Great customer service – in the 1920’s
My grandmother (Nellie) was born in Shoreditch in London, in 1887. After she married, in 1917, she eventually tried Sainsbury’s. They used to deliver her groceries to her door. Nellie was not a rich woman. Sainsbury’s leadership was built on convenience, value, cleanliness and great service – and home delivery was central to this for all of their customers.
Nellie moved to Burton on Trent after my mother was born, at the end of the 1920s. She found a new grocery store, Wilkinson’s, near the Town Hall.
It was not a chain, and the staff knew her by name. She often bought the same produce. A side of streaky bacon, if I remember her stories, was a staple. And whilst there wasn’t a formal loyalty program, Nellie was occasionally given new things to try, or handed special treats for the kids.

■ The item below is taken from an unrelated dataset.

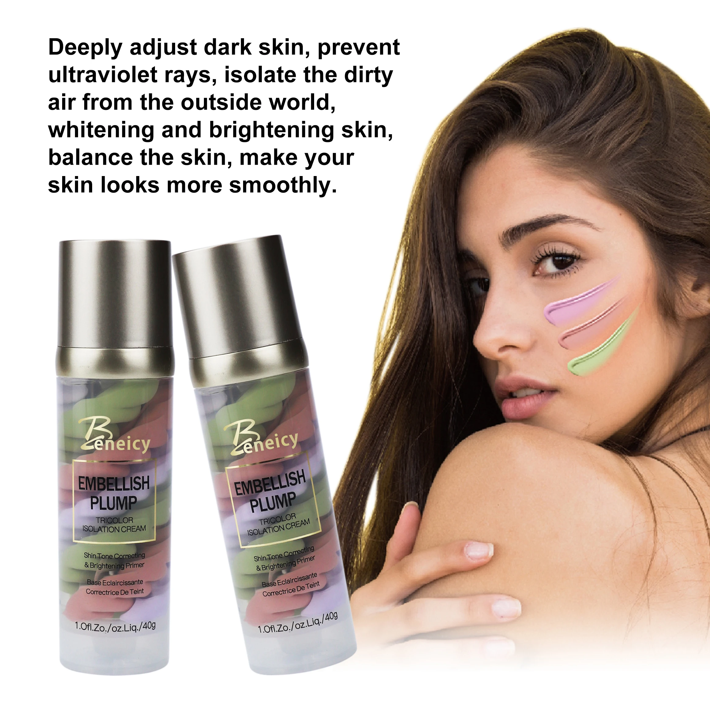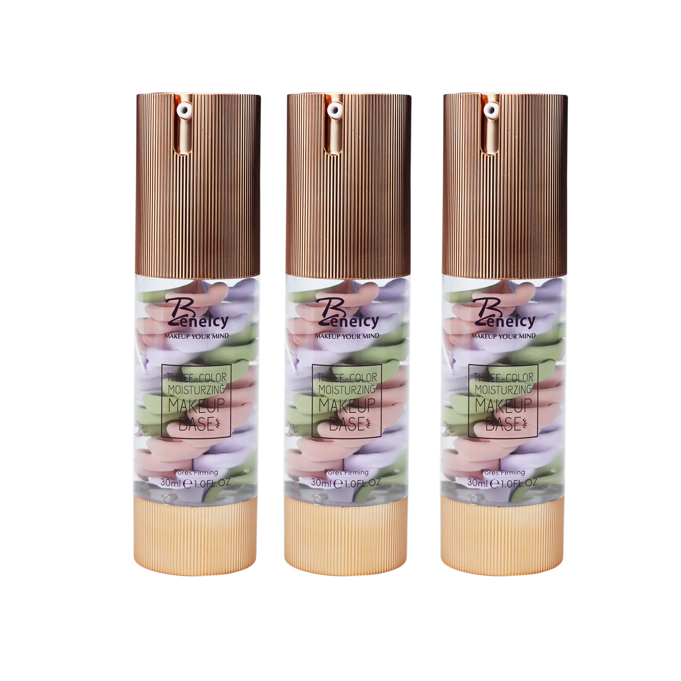 2026 Custom Logo Tricolor Makeup Primer Oil-Control Base Whitening Mineral Face Primer with Private Label

She got personalised service from the best and most convenient place she could find.
My mother later shopped at Wilkinson’s, too. In the 1950’s and 60’s, she visited on a Tuesday, placed her order, and paid. I remember walking in with her, and was fascinated by the huge bacon slicer. The order was delivered to our home by van on Thursday.
Consider how we shop today
Buying a camera, perhaps? Well, we probably first read the reviews on the web, ask the advice of friends both real and on social media, and comparison price shop. We might also pop into a bricks and mortar store to hold the camera and ask more details. Yet the chances are we don’t buy the camera then. We might order it from Amazon before we walk out!

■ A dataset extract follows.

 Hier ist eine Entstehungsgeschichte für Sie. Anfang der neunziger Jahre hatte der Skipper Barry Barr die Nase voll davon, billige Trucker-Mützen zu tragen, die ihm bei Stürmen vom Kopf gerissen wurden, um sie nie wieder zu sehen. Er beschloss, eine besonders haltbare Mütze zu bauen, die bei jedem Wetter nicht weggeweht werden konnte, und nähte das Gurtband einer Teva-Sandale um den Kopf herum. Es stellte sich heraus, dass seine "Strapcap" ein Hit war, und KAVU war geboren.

Customers since retail was invented have looked for perfect, personalised service – using all the channels, information and search tools open to them. Today, they are also using all the data and mobile technology that they can get their hands on – more than ever before.
And today’s customers don’t see channels – they see information and results. That’s why all retailers must understand how data and insights generated are critical to the customer experience.
Today’s Customers – and their Digital Day
First thing in the morning, we download newspapers and check email. Facebook, Twitter, eBay, voicemail, phone calls: which of these are in your morning digital routine?
At each step, data is created. What we do, where we “visit” – both in the bricks-and-mortar world and the digital one – and what we see or buy is noted somewhere. Most of the data is collected by the websites visited or the services used.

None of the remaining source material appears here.